§ **Action item**: Print only the lines below, from the very first to the one containing "Once you’re in, you’ll", exactly as they stand. Do not print pictures.

§ **Data shown**:
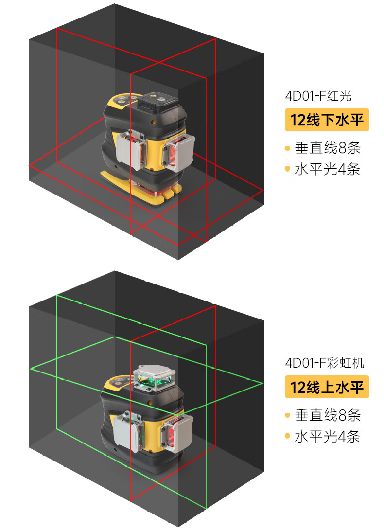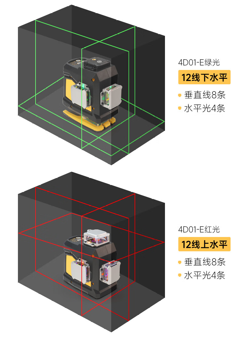 Daige 4-electric 12-wire level laser infrared outdoor high-precision strong light thin line automatic leveling line meter 8-wire green light upper level 4-wire
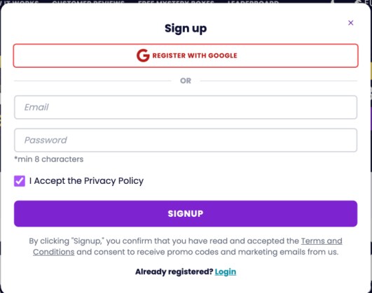 Once you’re in, you’ll land on your dashboard to explore available mystery boxes, check out any promotions, and view your account balance.
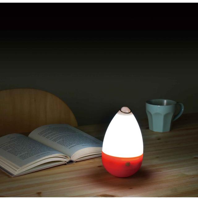 起き上がりこぼし形状なので、倒れることが無く、また揺らして癒す光としても。
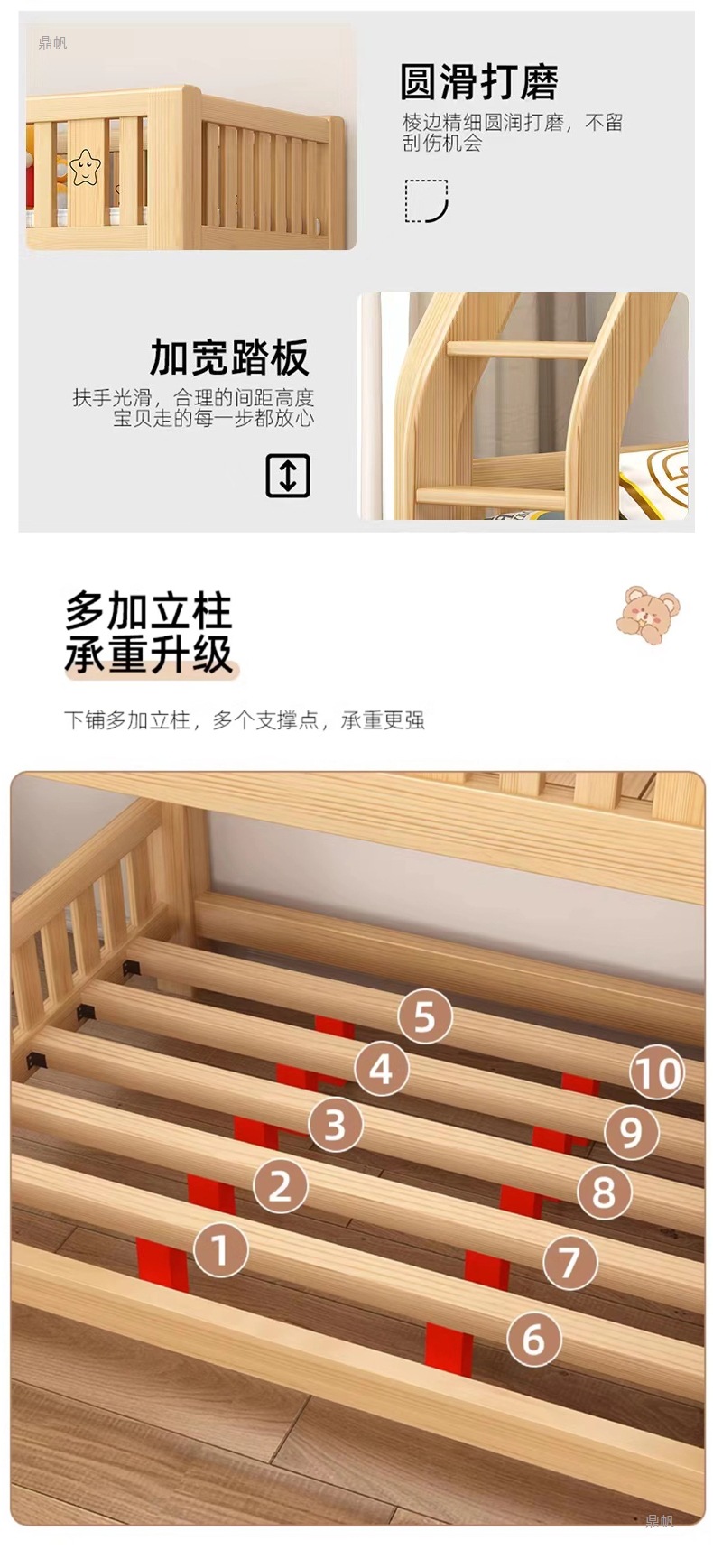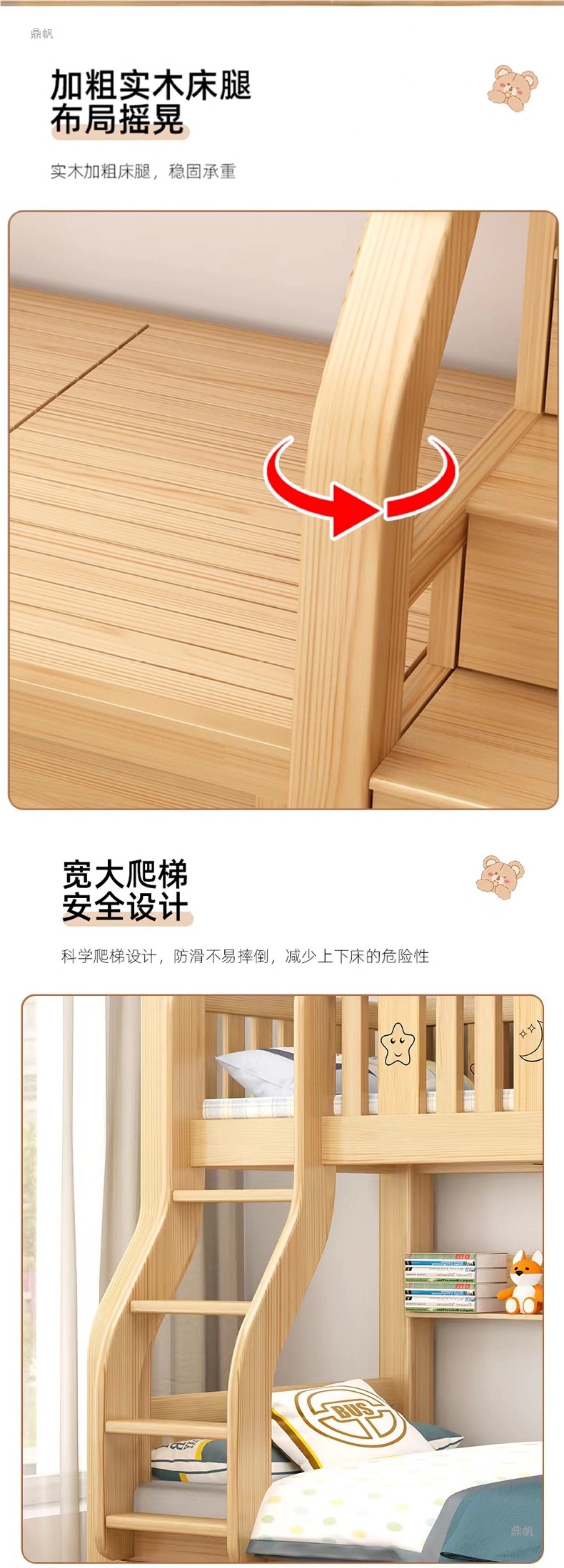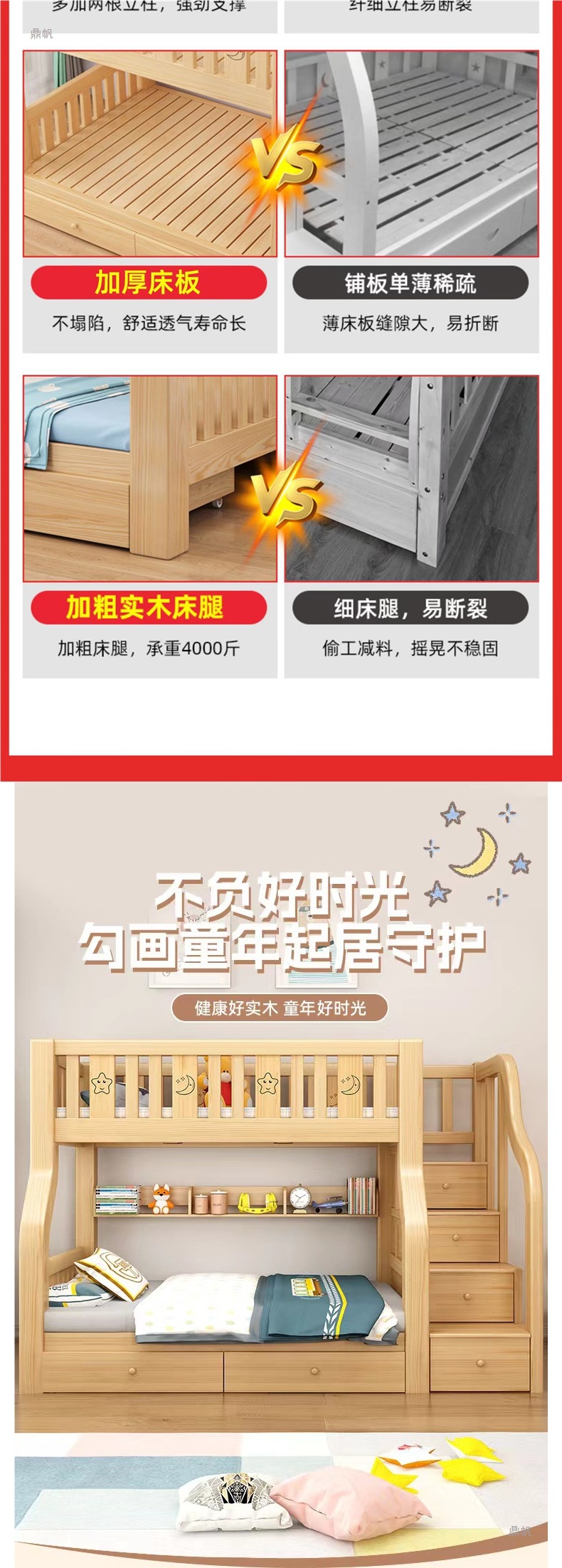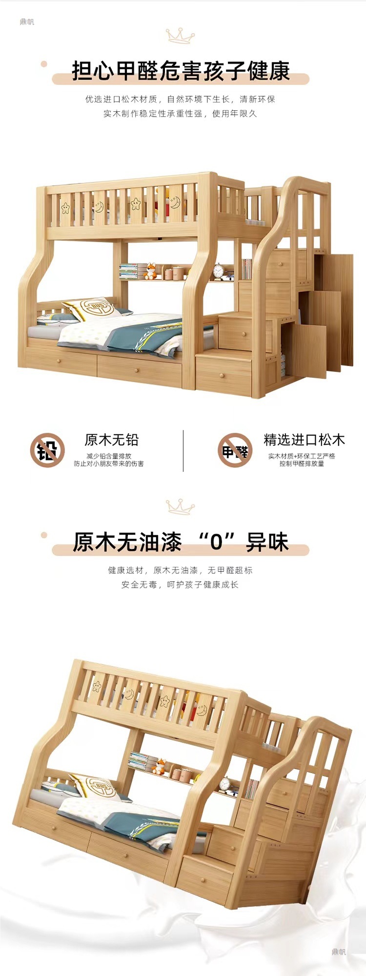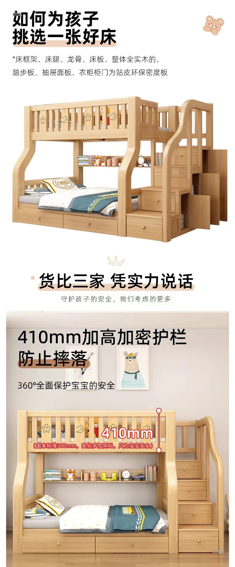 단단한 나무 벙크 침대 침대 작은 아파트 선반 더블 침대 2 층 나무 침대 높고 낮은 어린이 침대

§ **Answer space**:
 Daige 4-electric 12-wire level laser infrared outdoor high-precision strong light thin line automatic leveling line meter 8-wire green light upper level 4-wire
 Once you’re in, you’ll land on your dashboard to explore available mystery boxes, check out any promotions, and view your account balance.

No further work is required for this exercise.